*GIVEN MATERIAL*:
----
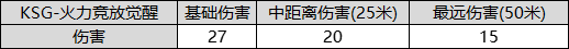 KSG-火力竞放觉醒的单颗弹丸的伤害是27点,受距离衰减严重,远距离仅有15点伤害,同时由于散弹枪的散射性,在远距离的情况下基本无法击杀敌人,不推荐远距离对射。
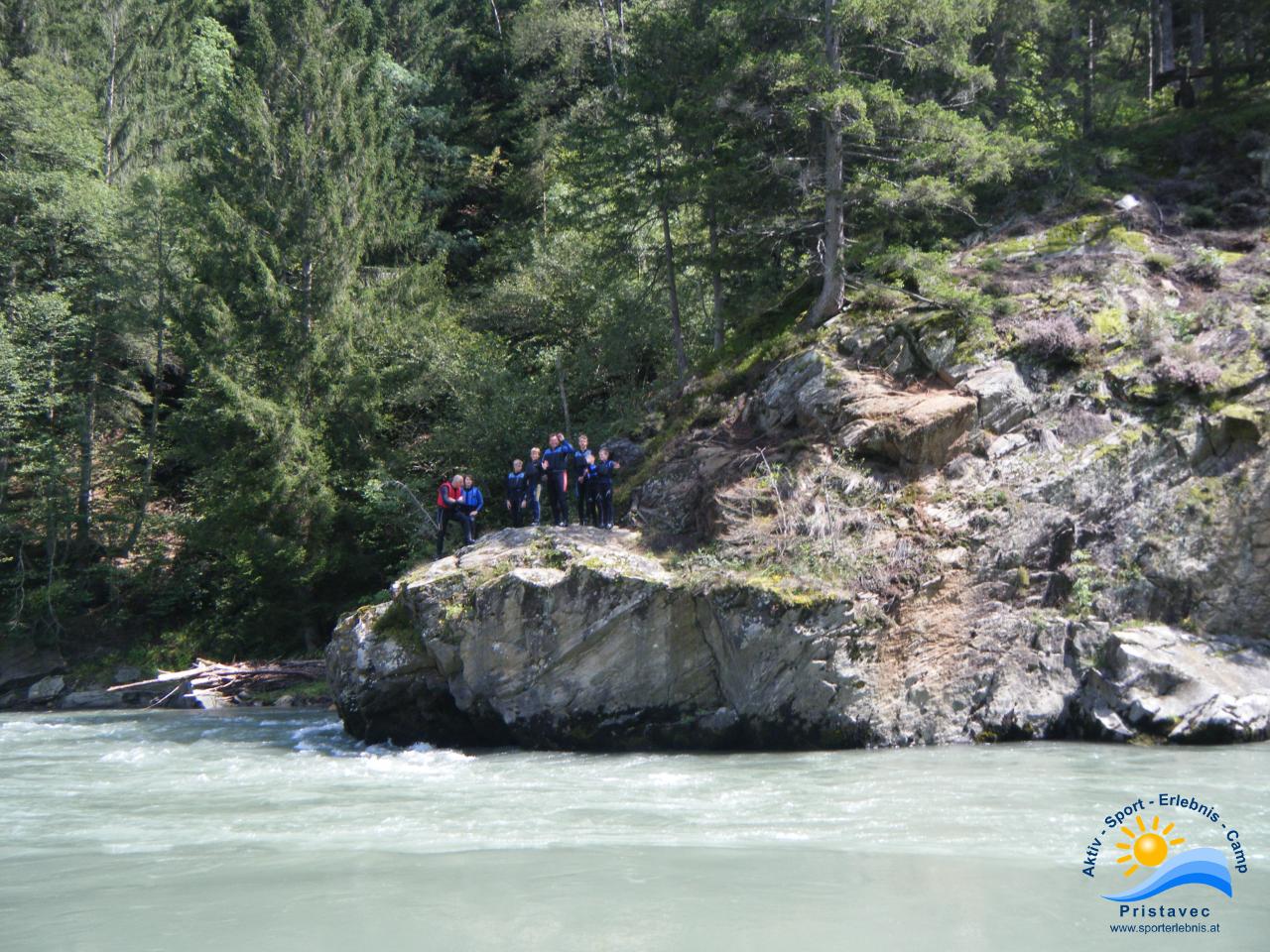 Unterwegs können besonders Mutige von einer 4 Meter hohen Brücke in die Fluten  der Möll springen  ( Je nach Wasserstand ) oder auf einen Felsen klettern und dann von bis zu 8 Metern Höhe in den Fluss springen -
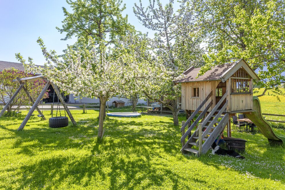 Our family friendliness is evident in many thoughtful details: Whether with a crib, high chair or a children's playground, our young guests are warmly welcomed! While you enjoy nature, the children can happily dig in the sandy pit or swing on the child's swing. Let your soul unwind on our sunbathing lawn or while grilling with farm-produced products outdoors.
----
*AIM OF THE EXERCISE*:
Your copy should hold exactly and only the lines from the one containing "Unterwegs können besonders" through the end of the material, inclusive, repeated word for word and without pictures.

*ANSWER TO THE EXERCISE*:
 Unterwegs können besonders Mutige von einer 4 Meter hohen Brücke in die Fluten  der Möll springen  ( Je nach Wasserstand ) oder auf einen Felsen klettern und dann von bis zu 8 Metern Höhe in den Fluss springen -
 Our family friendliness is evident in many thoughtful details: Whether with a crib, high chair or a children's playground, our young guests are warmly welcomed! While you enjoy nature, the children can happily dig in the sandy pit or swing on the child's swing. Let your soul unwind on our sunbathing lawn or while grilling with farm-produced products outdoors.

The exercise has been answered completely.